These actions include the following: temporarily reducing salaries for senior leaders from 10% to 50% depending on a position, temporarily reducing annual cash retainers for our independent directors by 50%, placing approximately 15% of the company's salaried workforce on temporary furlough based on business activity; flexing our supply chain operation staff, depending on volume at specific locations. We also suspended our share repurchase program. We're delaying the merit increase for sal -- increases for salaried employees. We also temporarily suspended the company's matching contributions for salaried employees defined contribution plans.

And finally, we are further reducing spending, including capital expenditures. Given the uncertain environment, we are withdrawing our prior 2020 guidance for adjusted EBITDA, free cash flow, and capital expenditures, and will not be providing updated guidance at this time. Now, I'll turn it over to Steve, so he can take you through the details of our first-quarter 2020 financial performance.

Steve Smith -- Chief Financial Officer

Thank you, Mary, and good morning, everyone. We will first review the overall results for the first quarter ending March 31st, 2020. As we review these results, please note that when we speak to core net sales, we are referencing the reported net sales performance, excluding the impact of foreign exchange and adjusting for any day count differences. As it relates to day count, we had one more shipping day in the first quarter of 2020 than we had in the first quarter of 2019.

For the remainder of 2020, each quarter will have the same number of shipping days as the previous year's comparable quarter. Consolidated net sales for the quarter were $1.7 billion, down 12.1% from the prior-year period, with core revenues declining at 13.4%. Our cost of products sold for the quarter was approximately $1.4 billion. Net sales less the cost of products sold was $348 million.

Net sales less cost of products sold as a percentage of net sales was 20.4%, up 240 basis points from the prior-year period, largely due to improvements in pricing, as well as, both segment and customer mix. Consolidated adjusted EBITDA for the first quarter was $36.2 million, up $15.8 million or 78% versus the prior-year period. The improvement in earnings was largely due to strong margin management, lower supply chain, and selling expenses and one additional selling day, somewhat offset by lower earnings from volume declines in print and publishing. Adjusted EBITDA as a percentage of net sales for the first quarter was 2.1%, nearly double the prior-year period.

Let's now move into the segment results for the first quarter ended March 31st, 2020. Packaging net sales and core revenues were down 5.1% and 6.4%, respectively, as market conditions in the U.S. further eroded, coupled with pricing pressure in some product categories. As Sal mentioned, we've also been affected by the slowdown in the industrial manufacturing sector.

Packaging contributed $59.6 million in adjusted EBITDA, up 23.7% from the prior-year period. Adjusted EBITDA as a percentage of net sales was 7.4%, up 170 basis points from the prior-year period. The increase in earnings was due to our business optimization initiatives, which improved margins and lowered expenses and was partially offset by the decline in revenues. Facility solutions net sales were down 13% and core revenues decreased 14.1%.
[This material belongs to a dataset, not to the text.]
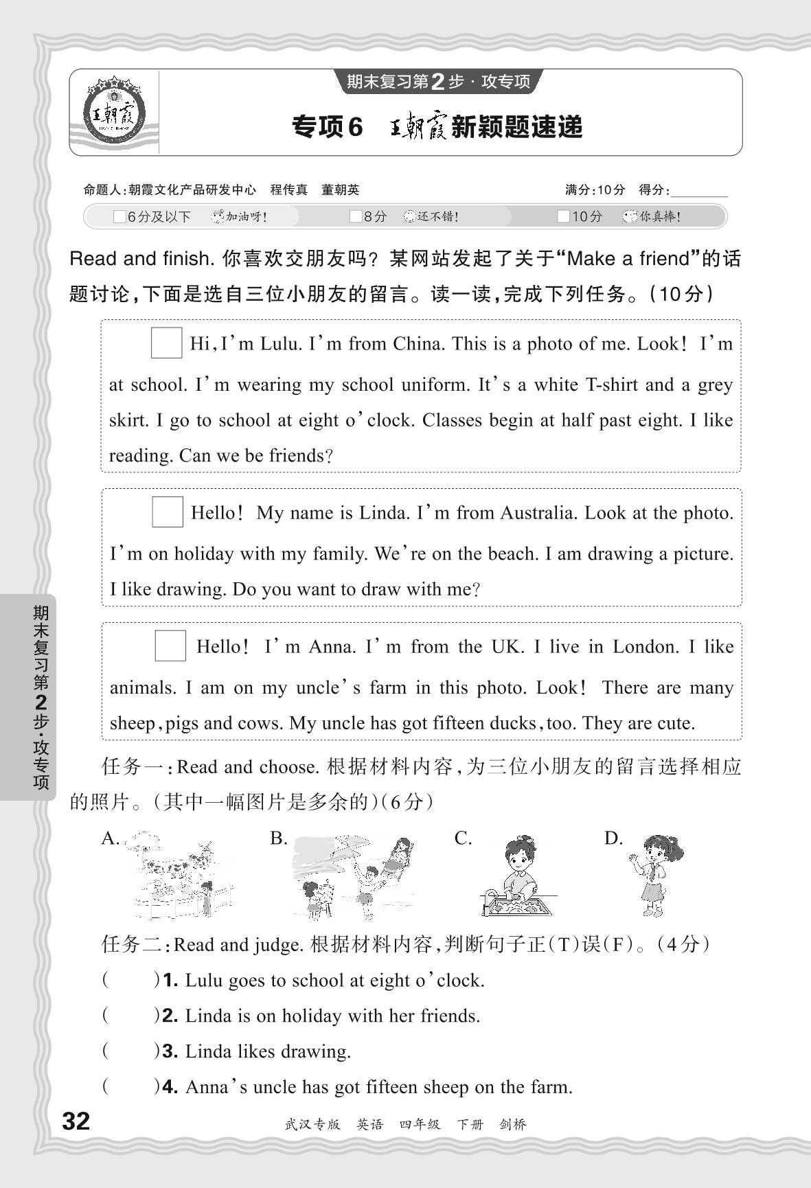 2024春下册四年级英语剑桥版 期末专项卷武汉版·王朝霞新颖题速递【6】

The revenue decline was due to the repositioning of this segment for success by making strategic customer choices to better align with our supply chain strengths, as well as, market, product, and customer dynamics. Facility solutions contributed $9 million in adjusted EBITDA, up 114% year over year. Adjusted EBITDA as a percentage of net sales increased 210 basis points to 3.5% in the quarter. The earnings increase was primarily driven by improved margins from our strategic repositioning, which lowered supply chain and selling expenses.

The print segment experienced an 18.4% decline in net sales, and core revenues were down 19.6%. This decline was driven by market dynamics, as well as, our continued decisions regarding customers, suppliers, products, and service requirements. Print contributed $11.2 million in adjusted EBITDA, up nearly 56% year over year due to lower expenses and better margins, partially offset by the earnings impact of the revenue decline. Publishing net sales decreased 20.7% and core revenues declined 21.9% from the prior-year's quarter.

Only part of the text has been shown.